Exercise details> From the records that follow, return exactly the lines beginning at the one that contains "The Australian, which" and ending at the one that contains "Рис. 3. Принципиальная", pictures left out.

Supplied information>
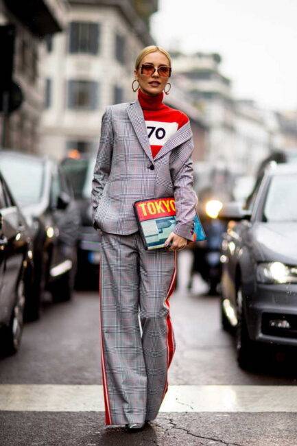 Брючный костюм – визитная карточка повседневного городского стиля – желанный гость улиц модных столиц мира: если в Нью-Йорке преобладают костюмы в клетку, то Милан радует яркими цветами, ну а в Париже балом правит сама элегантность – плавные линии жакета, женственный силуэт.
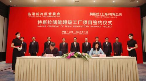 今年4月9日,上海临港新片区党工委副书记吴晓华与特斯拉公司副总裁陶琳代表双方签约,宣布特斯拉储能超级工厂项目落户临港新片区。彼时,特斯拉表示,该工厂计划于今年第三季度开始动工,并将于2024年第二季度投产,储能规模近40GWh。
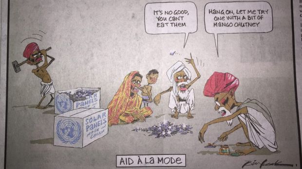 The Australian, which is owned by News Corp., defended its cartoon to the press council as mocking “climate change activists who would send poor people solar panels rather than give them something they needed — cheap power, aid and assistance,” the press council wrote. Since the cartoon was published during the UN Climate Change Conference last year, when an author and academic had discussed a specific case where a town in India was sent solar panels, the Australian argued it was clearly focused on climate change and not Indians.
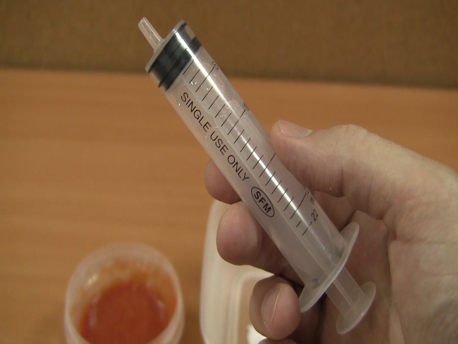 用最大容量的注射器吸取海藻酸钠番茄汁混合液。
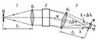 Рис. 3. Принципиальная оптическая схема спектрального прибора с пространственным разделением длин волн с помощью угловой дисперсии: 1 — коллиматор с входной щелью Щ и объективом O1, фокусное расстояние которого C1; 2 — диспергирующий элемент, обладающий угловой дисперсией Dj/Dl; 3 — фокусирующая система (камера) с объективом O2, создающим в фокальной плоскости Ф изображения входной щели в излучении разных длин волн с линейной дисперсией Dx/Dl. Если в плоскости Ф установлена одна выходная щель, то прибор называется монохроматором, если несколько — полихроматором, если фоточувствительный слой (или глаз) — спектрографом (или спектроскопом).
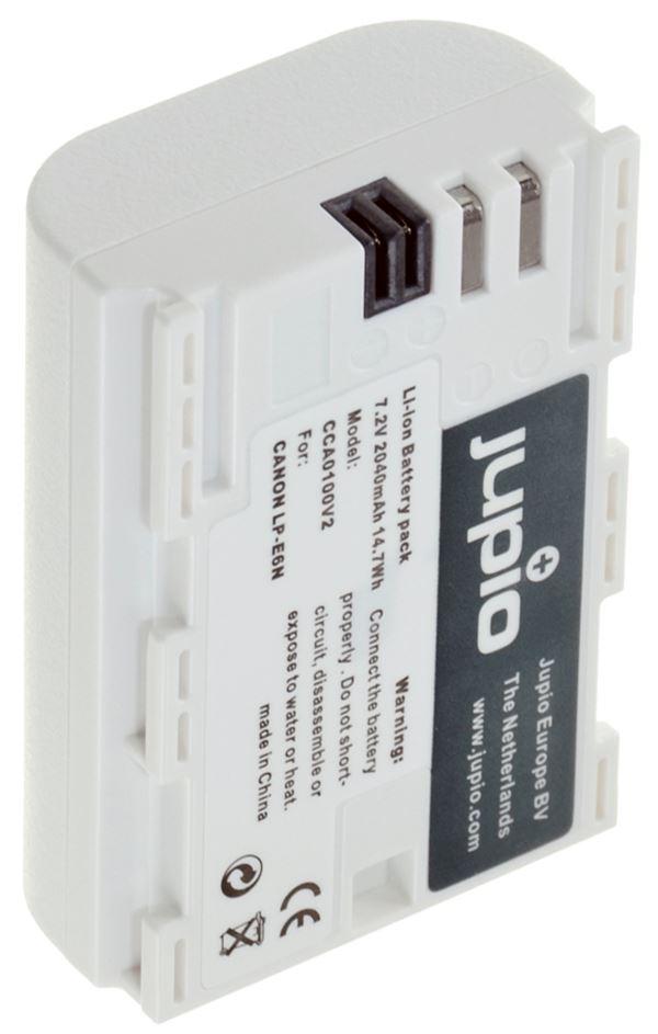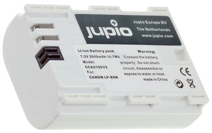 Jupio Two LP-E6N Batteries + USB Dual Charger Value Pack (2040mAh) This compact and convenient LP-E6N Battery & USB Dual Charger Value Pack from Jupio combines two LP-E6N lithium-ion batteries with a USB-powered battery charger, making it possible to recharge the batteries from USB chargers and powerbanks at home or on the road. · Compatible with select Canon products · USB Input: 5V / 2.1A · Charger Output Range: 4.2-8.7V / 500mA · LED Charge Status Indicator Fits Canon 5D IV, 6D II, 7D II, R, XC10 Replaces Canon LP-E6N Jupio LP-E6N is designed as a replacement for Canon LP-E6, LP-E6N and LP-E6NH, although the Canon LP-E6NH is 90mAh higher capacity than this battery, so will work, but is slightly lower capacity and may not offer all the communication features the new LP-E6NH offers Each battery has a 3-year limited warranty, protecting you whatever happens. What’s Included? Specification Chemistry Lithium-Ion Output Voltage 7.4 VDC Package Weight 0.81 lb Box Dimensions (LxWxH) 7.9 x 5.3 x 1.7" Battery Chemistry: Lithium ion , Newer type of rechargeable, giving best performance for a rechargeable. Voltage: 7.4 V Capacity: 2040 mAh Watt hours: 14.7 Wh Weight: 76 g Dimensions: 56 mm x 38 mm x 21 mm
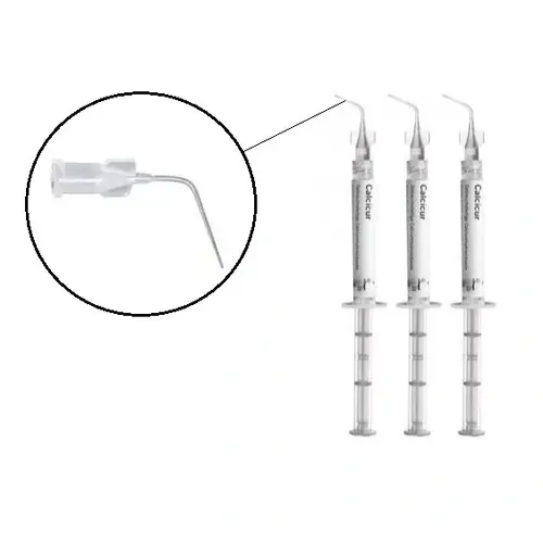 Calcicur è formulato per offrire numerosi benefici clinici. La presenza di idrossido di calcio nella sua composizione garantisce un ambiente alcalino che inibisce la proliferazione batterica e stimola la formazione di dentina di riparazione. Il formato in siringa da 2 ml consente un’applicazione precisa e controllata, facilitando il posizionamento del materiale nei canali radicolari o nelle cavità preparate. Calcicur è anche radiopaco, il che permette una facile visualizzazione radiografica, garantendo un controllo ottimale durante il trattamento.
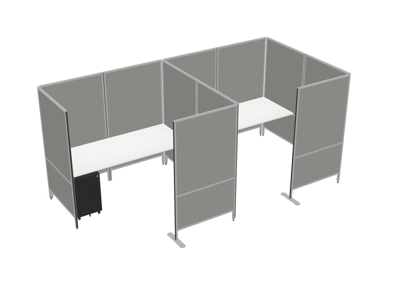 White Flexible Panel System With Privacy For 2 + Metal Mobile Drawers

* * *

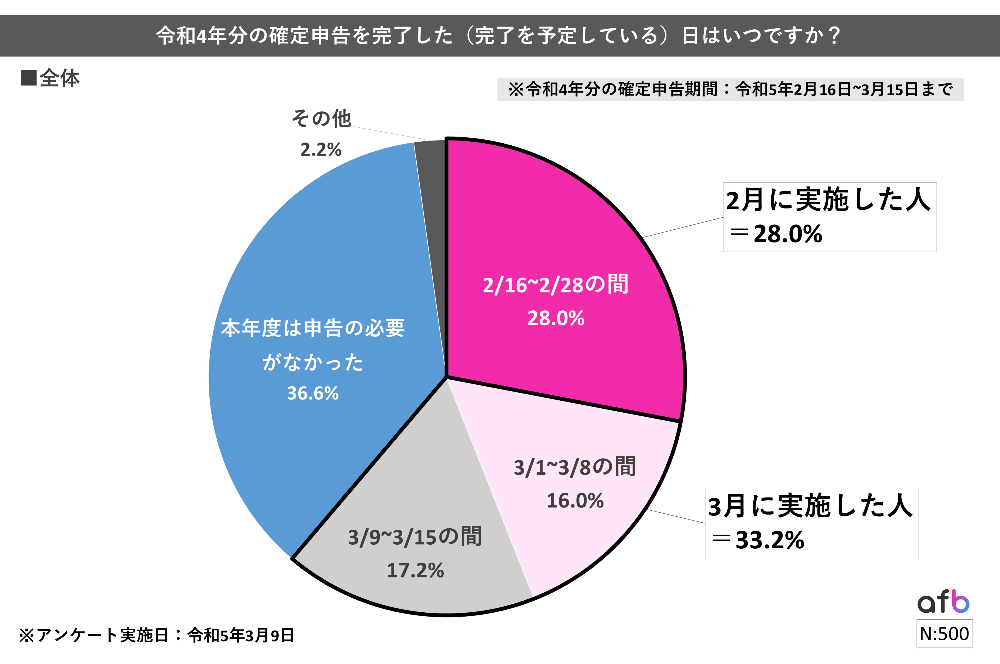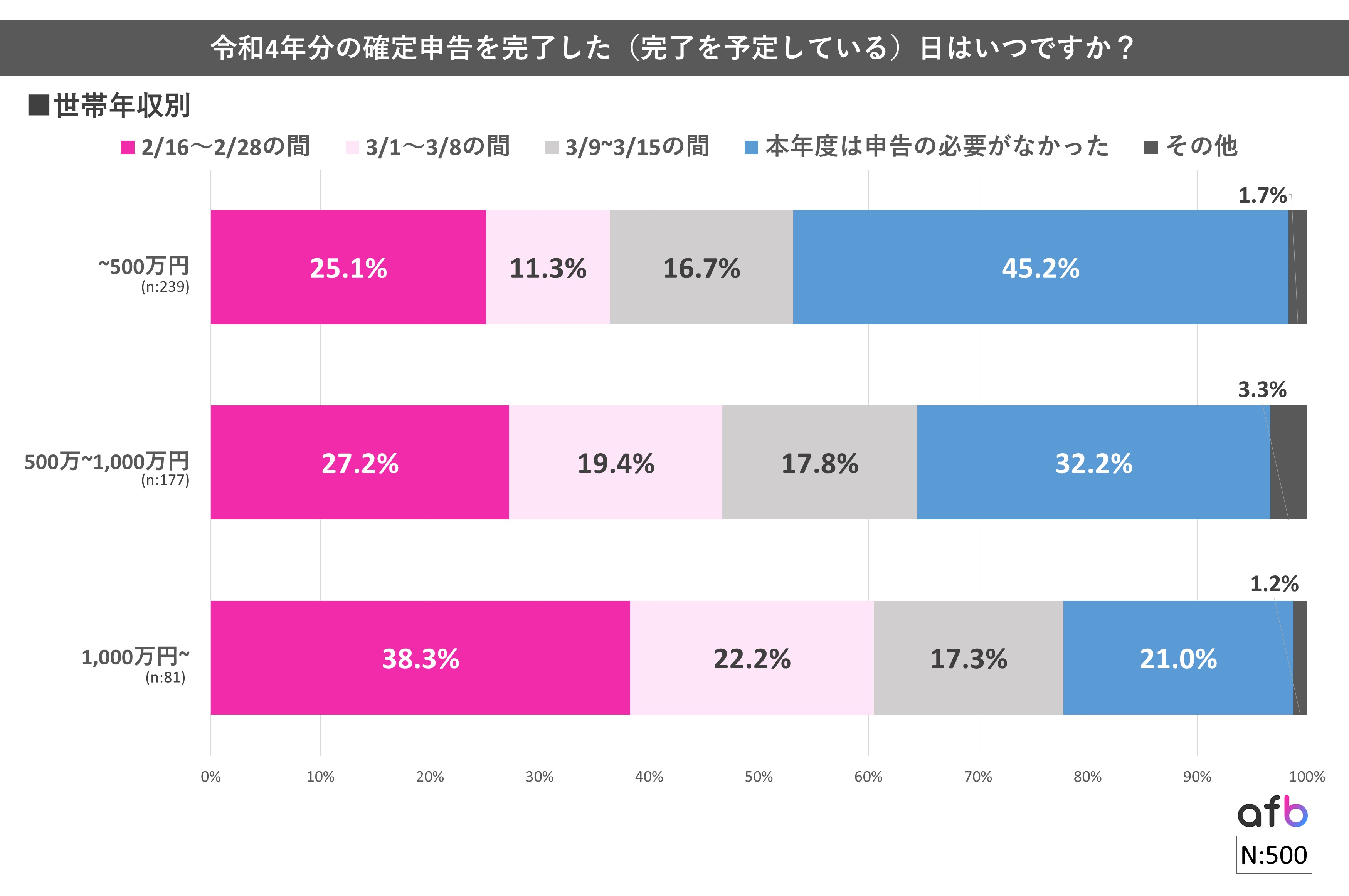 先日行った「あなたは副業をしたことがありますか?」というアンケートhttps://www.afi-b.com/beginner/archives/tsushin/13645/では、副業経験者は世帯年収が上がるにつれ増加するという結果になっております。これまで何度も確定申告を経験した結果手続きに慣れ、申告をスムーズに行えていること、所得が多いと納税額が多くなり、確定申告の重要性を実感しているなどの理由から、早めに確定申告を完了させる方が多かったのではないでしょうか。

Expected answer>
 The Australian, which is owned by News Corp., defended its cartoon to the press council as mocking “climate change activists who would send poor people solar panels rather than give them something they needed — cheap power, aid and assistance,” the press council wrote. Since the cartoon was published during the UN Climate Change Conference last year, when an author and academic had discussed a specific case where a town in India was sent solar panels, the Australian argued it was clearly focused on climate change and not Indians.
 用最大容量的注射器吸取海藻酸钠番茄汁混合液。
 Рис. 3. Принципиальная оптическая схема спектрального прибора с пространственным разделением длин волн с помощью угловой дисперсии: 1 — коллиматор с входной щелью Щ и объективом O1, фокусное расстояние которого C1; 2 — диспергирующий элемент, обладающий угловой дисперсией Dj/Dl; 3 — фокусирующая система (камера) с объективом O2, создающим в фокальной плоскости Ф изображения входной щели в излучении разных длин волн с линейной дисперсией Dx/Dl. Если в плоскости Ф установлена одна выходная щель, то прибор называется монохроматором, если несколько — полихроматором, если фоточувствительный слой (или глаз) — спектрографом (или спектроскопом).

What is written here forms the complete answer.